CONCLUSION
"A time of spiritual awakening, of a calling to higher destinies, came upon the world, the civilised world which lay around the Mediterranean Sea, at the beginning of our era. The calling was concentrated in the life and death of the Founder of Christianity."[956] The writer of these words goes on to point out that the beginning of our era was "a time of general stirring in all the higher fields of human activity," and that all such stirring, all that brings higher ideals before the minds of men of action, of imagination, or of reflection, if not itself religion, is in some sense religious, and in that age must be taken into account as having some bearing on the origin of Christianity, the greatest of all religious movements.
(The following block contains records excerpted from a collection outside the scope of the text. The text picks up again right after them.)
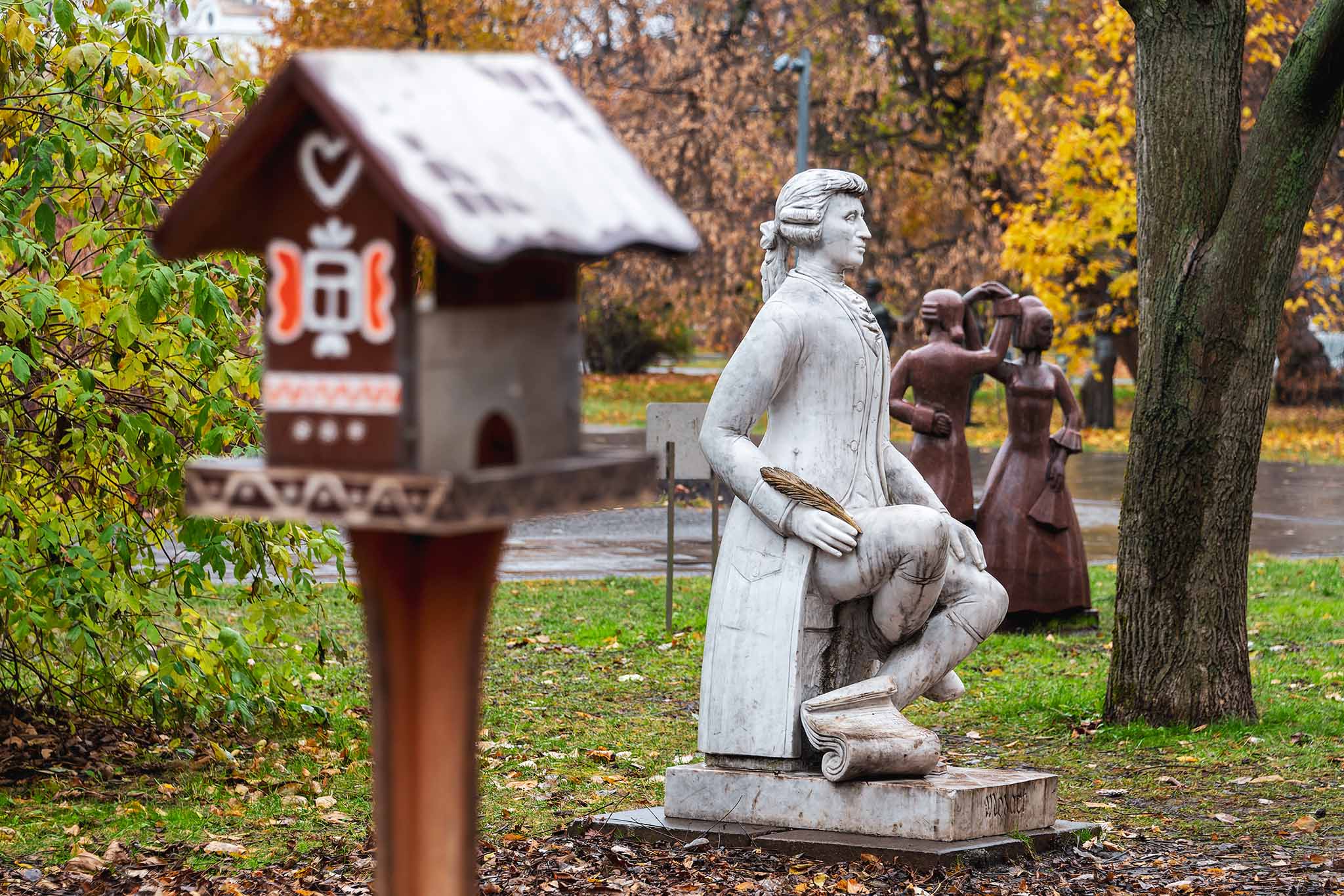 Самой любопытной частью парка является выставка монументов советской эпохи. Здесь выставлено множество памятников и декоративных статуй, например, воин с гранатой в одной руке и с автоматом в другой, памятник жертвам сталинских репрессий и другие изваяния.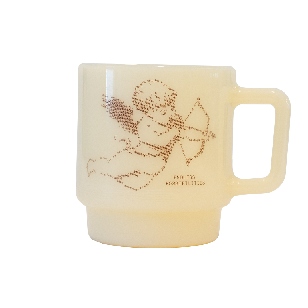 Every Cupid Olde Milk mug is individually pressed by a Japanese glass artisan using a traditional mold-press method. The soft whitish lines on the surface come from natural temperature shifts as the molten glass is pressed a subtle hallmark of genuine handmade glass that makes each Cupid mug slightly different from the next.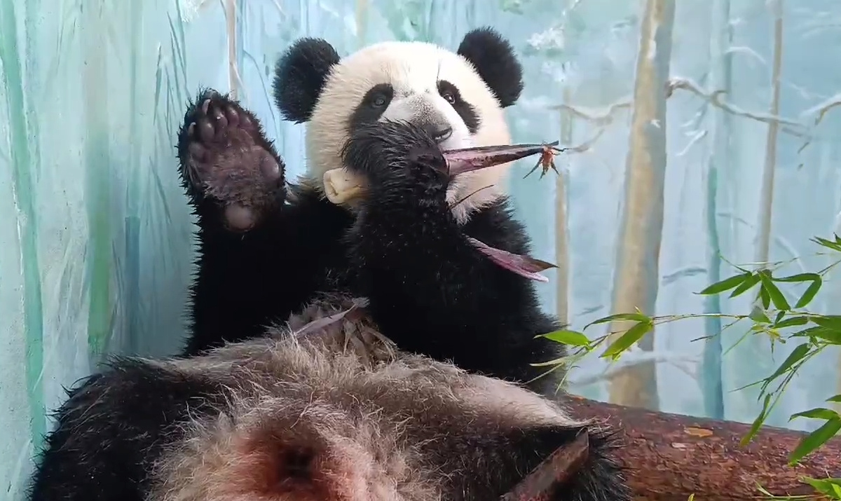 В ролике видно, как подросший медвежонок очищает небольшой росток бамбука, облокотившись на бревна. Катюша перебирала растение из одной лапы в другую и иногда держала его обеими, а когда смогла отломать росток, то принялась грызть его.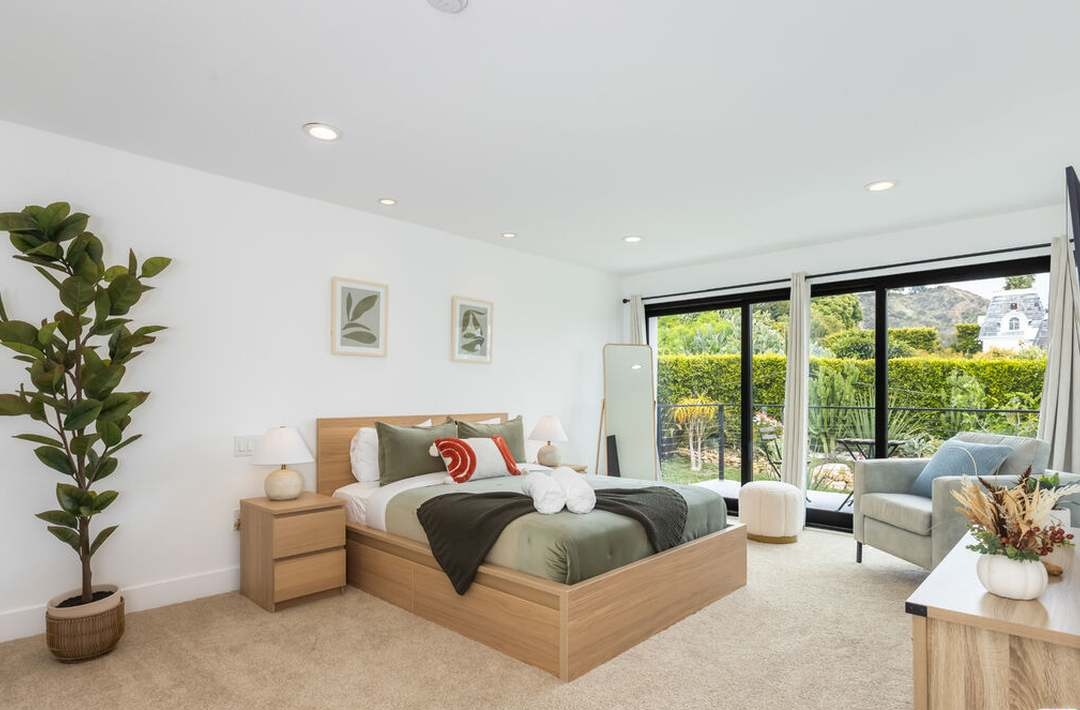 A serene primary bedroom suite featuring a warm natural wood bed frame anchored by neutral linens and accent pillows, paired with floor-to-ceiling sliding glass doors that flood the space with abundant natural light and showcase manicured garden views. The room seamlessly integrates a comfortable seating area, warm-toned furnishings, and layered lighting to create a sophisticated retreat with organic modern sensibility.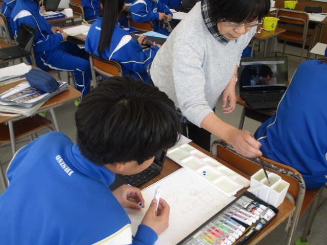 2月13日(金) 1年生(美術「水彩画」)【進んで学ぶ子】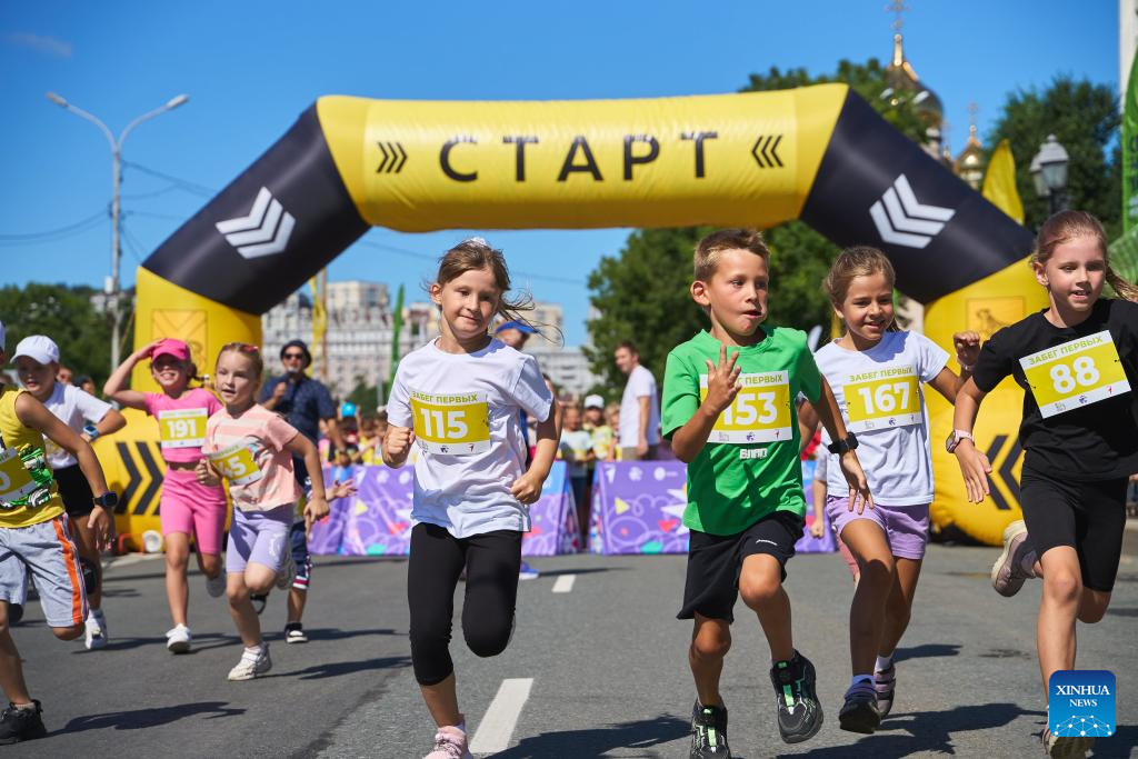 VLADIVOSTOK, 31 agosto, 2024 (Xinhua) -- Niños de primer año participan en una competencia denominada "Primera Carrera" durante un evento por el Día del Conocimiento, en Vladivostok, Rusia, el 31 de agosto de 2024. El evento por el Día del Conocimiento se llevó a cabo el sábado en Vladivostok para celebrar el comienzo del nuevo año escolar. El evento que incluye deportes, arte y juegos, atrajo a muchos niños. (Xinhua/Guo Feizhou)

And inasmuch as the new spirit of the age seems to have put new life into the old religious systems, with the help of philosophy and poetry, as well as of a purer and more effective conception of Man's relation to the Power manifesting itself in the universe, he finds it useful and legitimate to show how the ideas and characteristics of the leading types of religion in the civilised world of which he speaks were absorbed or "baptized" into the spirit of Christianity. In other words, we may ask what was the contribution of each of these religious types to the formation of the Christian type of religion; for however new was the inspiration which was the essential living germ of our religion, yet that germ was of necessity planted in soil full of other religious ingredients, which found their way into the sap of the plant as it grew towards maturity.
I have all along wished to bring our subject, the religious experience of the Roman people, into touch with Christianity, whether by marking points of contact, or of contrast, or both. In the last few lectures I have laid stress on certain points likely to be useful to us in this last stage of our studies, and these will, I hope, furnish us with some amount of material. But I confess that I have approached this subject with great hesitation. What I shall have to say will be tentative and suggestive only; but I hope that the account that I have given in these lectures of Roman religious experience may be of use in helping a better qualified student to carry on the work more adequately.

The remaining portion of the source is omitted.